▶ **Your task**: Report the number of lines in the data below that hold "from", without any other words.

▶ **Extracted material**:
####

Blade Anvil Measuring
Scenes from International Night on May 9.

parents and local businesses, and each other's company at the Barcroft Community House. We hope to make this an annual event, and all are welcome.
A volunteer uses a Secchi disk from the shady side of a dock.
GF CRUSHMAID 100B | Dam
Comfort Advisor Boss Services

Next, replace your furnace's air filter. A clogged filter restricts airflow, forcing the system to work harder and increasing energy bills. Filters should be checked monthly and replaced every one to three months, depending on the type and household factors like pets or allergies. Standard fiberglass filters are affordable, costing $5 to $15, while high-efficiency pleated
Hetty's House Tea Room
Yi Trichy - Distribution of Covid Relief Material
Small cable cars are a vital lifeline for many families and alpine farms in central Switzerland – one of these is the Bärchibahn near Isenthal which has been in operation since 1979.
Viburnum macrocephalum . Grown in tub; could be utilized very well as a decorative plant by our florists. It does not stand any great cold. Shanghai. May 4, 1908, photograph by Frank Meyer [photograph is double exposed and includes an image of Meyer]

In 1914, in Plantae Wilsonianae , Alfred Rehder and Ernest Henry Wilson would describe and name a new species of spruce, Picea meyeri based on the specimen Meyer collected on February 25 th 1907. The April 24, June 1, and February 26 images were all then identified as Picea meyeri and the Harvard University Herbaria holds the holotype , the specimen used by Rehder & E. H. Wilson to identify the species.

####

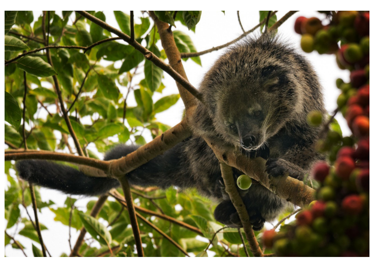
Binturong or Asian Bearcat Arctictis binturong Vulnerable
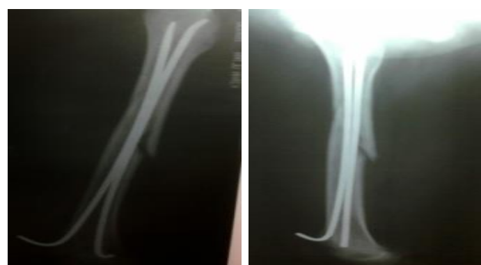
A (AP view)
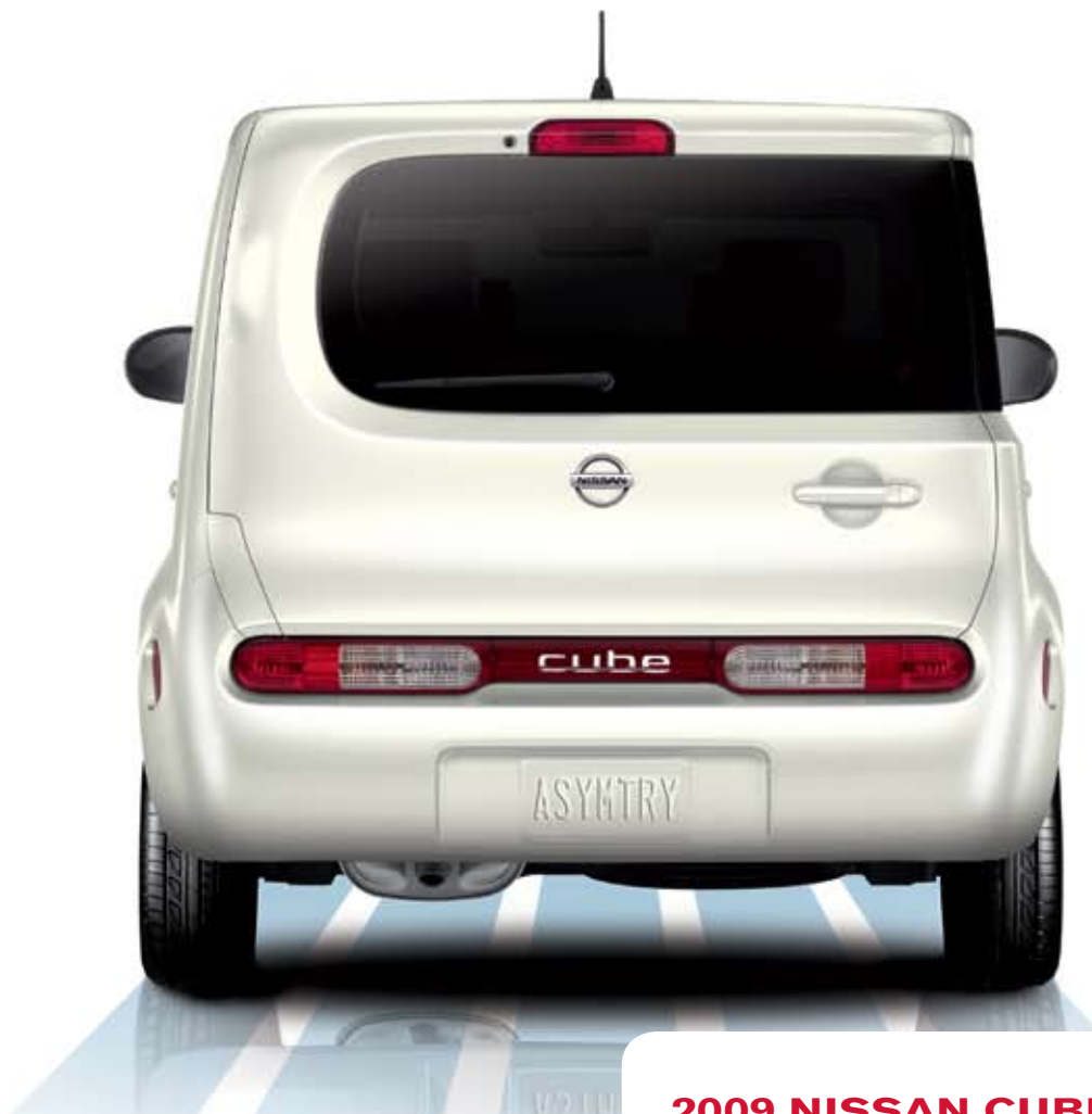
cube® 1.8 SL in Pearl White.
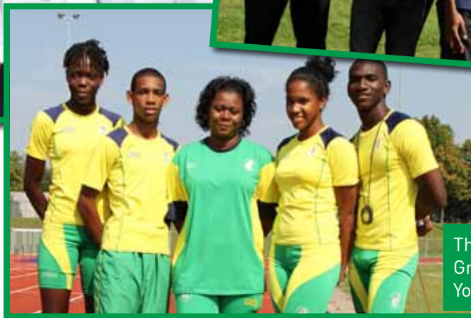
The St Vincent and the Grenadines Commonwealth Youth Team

####

▶ **Worked solution**: 2